Palites rose to his feet, clutching at his Administratum staff and walked towards the door leading outside. Muttgar instantly beckoned for his followers to move, as he unbuckled a rusting hunting rifle from the wall above the thermo-generator. The meeting would start in two hours. Just enough time to call in and recruit a few more cabal members. Argath was nearby, and Postyl was just the other side of this district, although he hadn’t heard from him in almost a week.
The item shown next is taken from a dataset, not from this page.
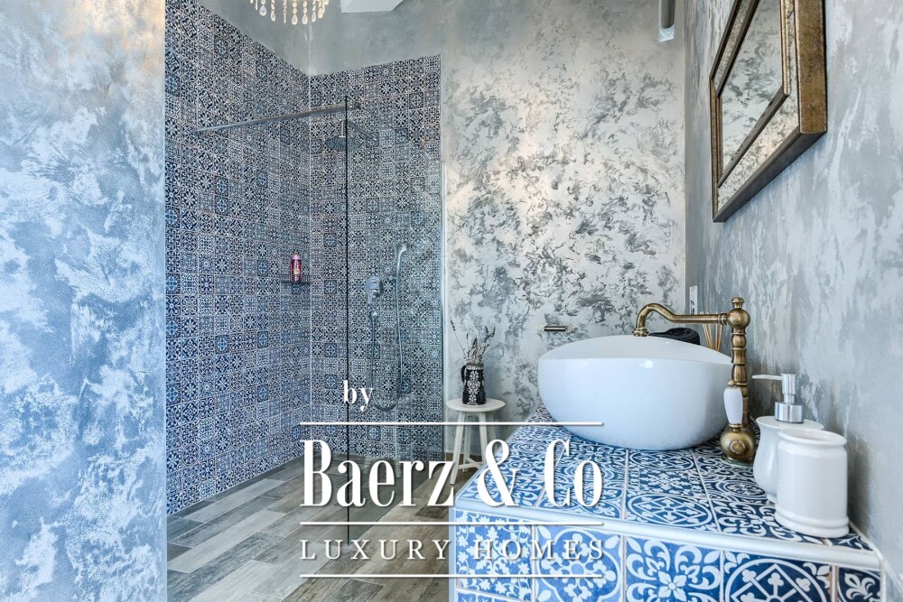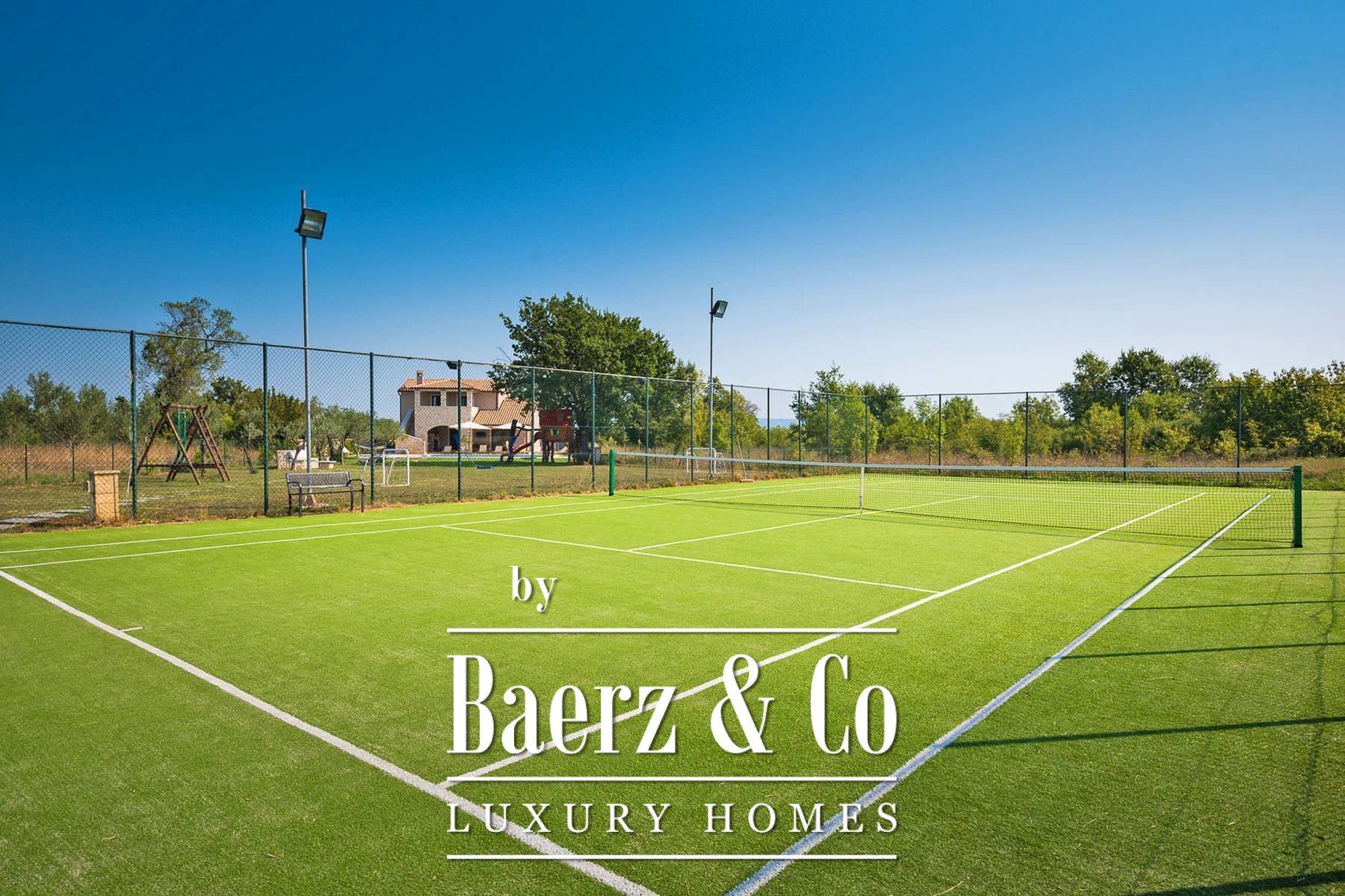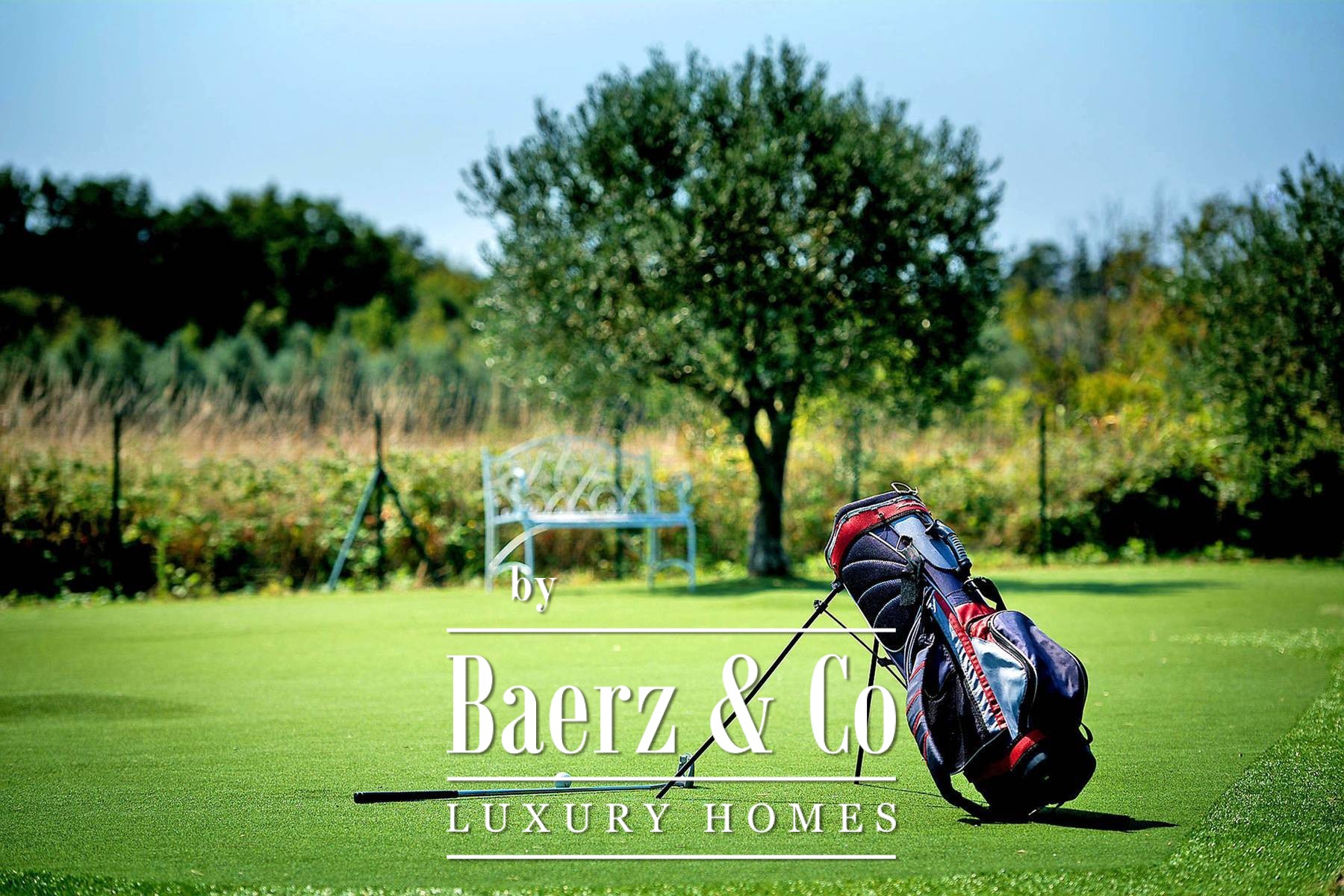 Ascending to the first floor reveals two more bedrooms, both with en-suite bathrooms and access to a balcony that offers views across the pool, olive trees, and the surrounding Mediterranean landscape. The outdoor rhythm of the property resonates with a covered terrace for open-air cooking and dining, overlooking a heated pool of 50 m², a tennis court, golf putting green, and multiple sports fields. Children’s play areas and a football field provide space for leisure for all ages.

“Load up boys” Growled Muttgar. “Let’s chase these sneaky dogs away from our business.”

Chapter 3:
Oskar Vaddock cursed the rain. His uniform was drenched and he would have to fabricate yet another excuse for being away from the Naval quarters for so long. He walked on through dark archways gloomily lit by flickering globes and glanced across his shoulder. The two hooded figures were nowhere to be seen, but he was sure they were still following him. He could feel it in his blood, like a presence looming over his shoulder. An icy chill brushed across his neck and he shivered before stalking onwards.
Jonah withdrew his senses slightly. The man was more sensitive than he first thought.
“He knows we follow him, master Lucypher.” He mumbled.
Lucypher shot an annoyed look at his subject and turned to him sharply. He opened his mouth to speak.
“It matters not! Jonah managed to interrupt. “It matters not! He leads us to the meeting regardless.”
“And what of his partner? Does he still wait for us to just amble up and seize him? Lucypher retorted hotly.
The psyker quivered slightly before swallowing hard.
“All that has changed is that they now guard him. We still are brought to his face. The future and its routes are never truly set in stone.”
Lucypher considered a rebuke and punishment for the sanctioned psyker but he knew Jonah spoke the truth. Instead, he removed the dull brown robe and threw it to one side. His rich blue carapace armour glistened in the falling rain, trails of water running down the gilded trim. The sword on his back, almost as tall as Jonah, gleamed a brilliant pearlescent silver.
“No more hiding in shadows in that case. We bring the light to this Emperor-forsaken hive.” He snarled. “Ready yourself, Jonah. We give them no time to escape”
Jonah licked his split lips and cracked his knuckles. The click of each one sending minute sparks into the air, evaporating raindrops with subtle ‘pops’. Removing his hood also, he walked after the armoured Inquisitor, mumbling mantras of power and control as he went.